How Security Morphed from a Hurdle to a Selling Point in Cloud

Artificial intelligence and machine learning technologies can help agencies beef up their cybersecurity capabilities as they shift to the cloud.

Today, the world faces an increasingly complex cybersecurity landscape, defined by an unprecedented number of internet-connected devices — the number of which is expected to reach nearly 30 billion within the next three years. 

With this increased connectivity, there are more opportunities and avenues for bad actors of all types — from nation-states and cybercriminals to insiders and hacktivists — to identify and exploit vulnerabilities. 

MORE FROM FEDTECH: Discover how forensic IT tools lead agencies to better answers after breaches.

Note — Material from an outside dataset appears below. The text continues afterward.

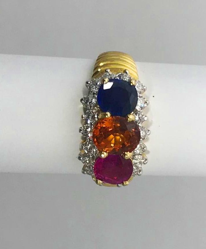 Loading... Please wait...This is a striking sapphire ring from the Modern period. This fantastic ring is made of vibrant 18kt yellow gold and features three beautiful natural corundum stones in the center. A beautiful round red ruby, a fabulous round electric blue sapphire and a gorgeous oval shaped orange sapphire are featured in the center. The center sapphire weighs approximately 1 carat and the ruby and sapphire are each .60 carats each. They are surrounded by a scalloped boarder of round brilliant cut diamonds approximately .05 carts each for a total weight of 1.0 carat. The inside of the band is stamped 750 and tests as 18kt. The center of the ring is 9.5mm and transitions into a scalloped yellow gold band on the shoulders (6mm wide) and tapers to a smooth gold band in the back (3mm). The ring is currently a size 6 and weighs 3 dwt.

Shift the Balance of Power in Cybersecurity

The odds seem stacked in favor of bad actors — who, after all, must find only one weakness, while defenders must lock down everything. So, the attacks and attempted attacks continue at a rapid clip. One insurance company found that ransomware attacks on large companies, for example, soared 105 percent in the first quarter of 2019 compared to a year ago.

Compounding matters is that the sheer amount of data at stake is growing by leaps and bounds. Research firm IDC has predicted that the world’s total aggregated data will grow to 175 zettabytes in 2025 from 33ZB in 2018. One zettabyte is a thousand exabytes of data and has been described as a number equal to all the grains of sand on the world’s beaches.

Government agencies and other enterprises are overwhelmed by this prospect and, despite years of investment and experience, continue to struggle with how to manage these risks. The best response is to minimize risk by out-innovating the bad actors. I would argue that only the technology sector has the experience, agility and speed to keep up and protect against ever-growing cyberthreats.

In the past decade, the cyberthreat landscape was tilted in favor of the bad guys, but the scenario is changing: Second-generation cloud architectures, powered by built-in artificial intelligence and machine learning, are driving a new era of data security. 

Traditionally, governments and businesses relied on custom-built IT environments that are impossible to fully defend because they typically run a wide variety of hardware and networking gear as well as software from multiple vendors and vintages. That mix requires many different patches and updates from different sources to be acquired, managed and applied manually. Homogeneous cloud environments, on the other hand, eliminate many of those variables and are thus easier to update and secure.

Autonomous technology that can rapidly and automatically apply patches and updates as soon as they are available will also alleviate many issues. Many past breaches occurred because software fixes were not applied in a timely manner. 

A few years ago, security concerns inhibited cloud adoption because corporate IT people accustomed to managing their own servers and software felt they were best equipped to secure them. By now, most of those tech pros realize they are better off trusting that work to large providers that have more technical and financial resources to safeguard their systems. 

MORE FROM FEDTECH: Discover how DHS plans to evolve its CDM cybersecurity dashboard with AI. 

Integrated Machine Learning Can Strengthen Cloud Defenses

In addition, capitalizing on embedded AI/ML capabilities enhances security significantly by addressing problems of scale, human error and response time, and also frees the workforce for more strategic, value-added tasks. ML technology is far better able to pinpoint anomalies that might indicate an attack by poring through reams of logs than any person or persons, no matter how adept, could be. The human eye can only take in so much.

Security threats are significant and getting tougher. But our ability to respond quickly, to secure data and to make sure that we’ve concentrated the right resources to defend and respond to attacks is also growing. Thanks to continued innovation in enterprise cloud architecture, we have an opportunity to prevail against today’s threats.

What that means is that the model has flipped: Security fears once deterred migration to cloud; now, security has become a top reason to make that migration.